In the simple prisoner’s dilemma, where the game is played only once and no future matches are envisioned, the rational choice about how to act is so clear that there is really no dilemma at all. If you’re nice, you risk your opponent’s playing you for a sucker; the only way to minimize the risk is to rat. You’ll get at least 1 point, and as many as 5 points if your opponent is a gullible fool. Sorry, nice guys. No grounds for hope yet.
But his model of life, which pictures the world as a dark alley full of strangers meeting only once in their lives, is not particularly realistic. It is far more likely that we keep meeting the same “boyz in the hood.” Mathematicians have taken account of this fact by “iterating,” or repeating, the prisoner’s dilemma, so that the same players face each other again and again.
When you play repeated rounds of the prisoner’s dilemma, the game is completely different.

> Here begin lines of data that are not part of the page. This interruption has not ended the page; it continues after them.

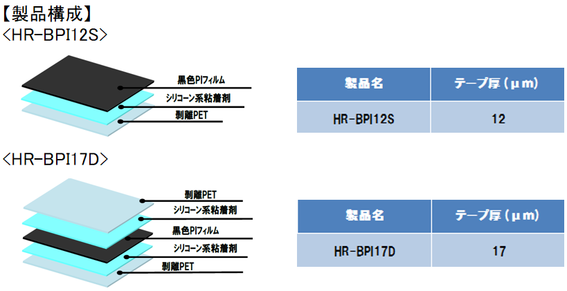 両面粘着タイプ「HR-BPI17D」の総厚=17μm
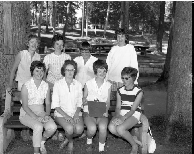 These eight girls are up to their ears in kids these days as they help look after the more than 400 children signed up for Midland Y’s Men’s Club’s summer program at Little Lake. Left to right are; front row — Mary Lou Graham, in charge of crafts; Betty Jean Watkinson, games, and counsellors Barbara Dalrymple and Gudron Mandler; back row — counsellors Betty Ann McCullough, Judy McIntyre, Eden Morrison and Wynne Gilmore.
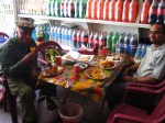 In between the shops we spotted a window filled with pakoras, small deep-fried beignets with potato and spinach filling. Naranjan is a vegetarian while the other housemates of us are carnivores and so this was his chance. Together with Abdul Ahab who is there to guard is, we filled our plates with all the pakoras and something like potato latkes. I generously offered to pay for everyone; combined with 3 cokes the bill came to 3 dollars and 60 cents.
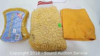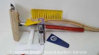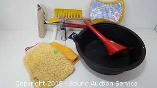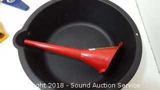 Lot #0068: Oil Pan, Funnel, Squeegee, Scraper & Buffing Cloths
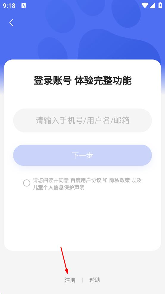 3、在登录账号页面,找到下方“注册”选项并点击,进入注册百度账号页面。
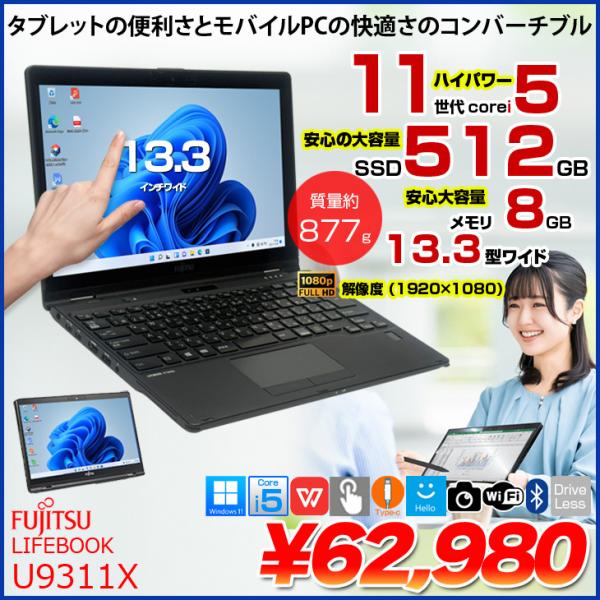 【中古パソコン】富士通 LIFEBOOK U9311X 中古 タッチパネル搭載 ノート タブレットモード Office Win11 第11世代[Core i5 1145G7 メモリ8GB SSD512GB カメラ ペン 13.3]:良品
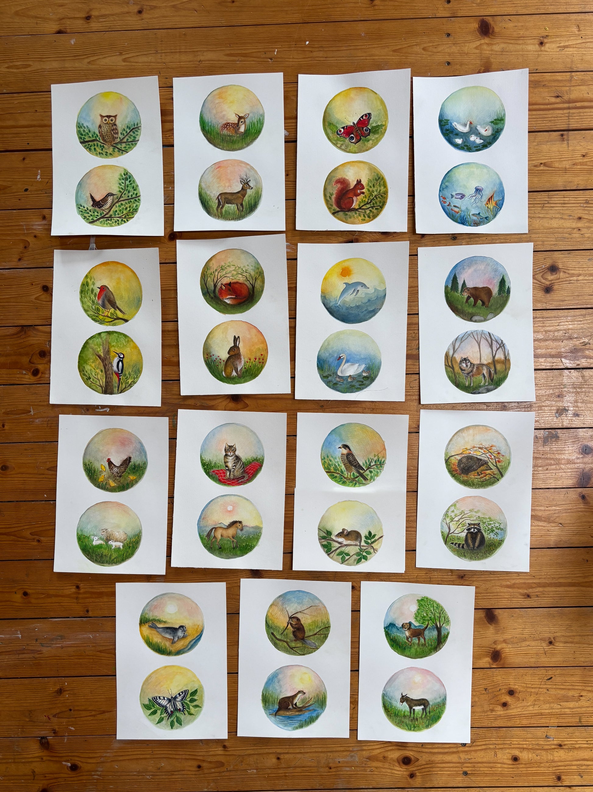 Alle 32 Tiermotive, wunderschön gestaltet mit Aquarell und Buntstiften.
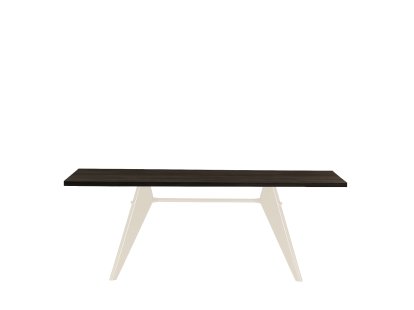 La table EM, dessinée par Jean Prouvé au début des années 1950 dans le cadre du projet "Maison Tropique", est actuellement éditée par le fabricant de meubles suisse Vitra. La particularité esthétique réside dans le piètement. Effectivement, les quatre pieds de la table sont reliés par une traverse et sont inclinés en diagonal. Cela apporte une extrême stabilité et un charme indéniable. De plus, le plateau de table est disponible en cinq tailles et s'adapte ainsi parfaitement aux différentes grandeurs de pièces ou de coupes.

The most surprising fact is that the competition no longer has a single strategy that is better than all the others. The game becomes contingent, chancy. Everything depends on whom you are playing at any particular moment.
“For the simple prisoner’s dilemma you have one best strategy, which is to defect,” says Sigmund. “But for the repeated prisoner’s dilemma there is no best strategy, and it is impossible that a single one could ever be found. You can always encounter situations where it’s better to switch strategies. It all depends on what kind of player you’re partnered with.”

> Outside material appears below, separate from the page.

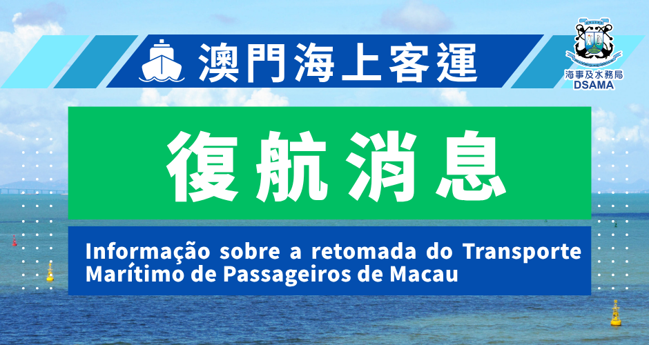 海事及水務局協調船公司做好復航安排,澳門外港開往香港上環的首班船今日13:45開出,澳門氹仔開往香港上環的首班船14:00開出。澳門內港開往珠海灣仔的首班船18:10開出。澳門往返深圳蛇口、福永、中山的海上客運航線,以及海上遊航線,船公司將視乎天氣情況安排復航。

Consider the following example. If you meet a relentless defector, you should always defect. If you meet an all-out co-operator, you should also always defect. But if you meet a grim retaliator–someone who cooperates until his opponent defects and from that moment on never cooperates again–you should cooperate.
Two mad-dog defectors hammering each other without surcease will pick up only 1 point per round, while two cooperators, consistently scratching each other’s backs, will rack up a steady 3 points per round. We begin to see how cooperation can pay off, and in the long run, with the arbitrary values we have assigned to the game, 3 points is the highest average payoff anyone can expect to earn per round.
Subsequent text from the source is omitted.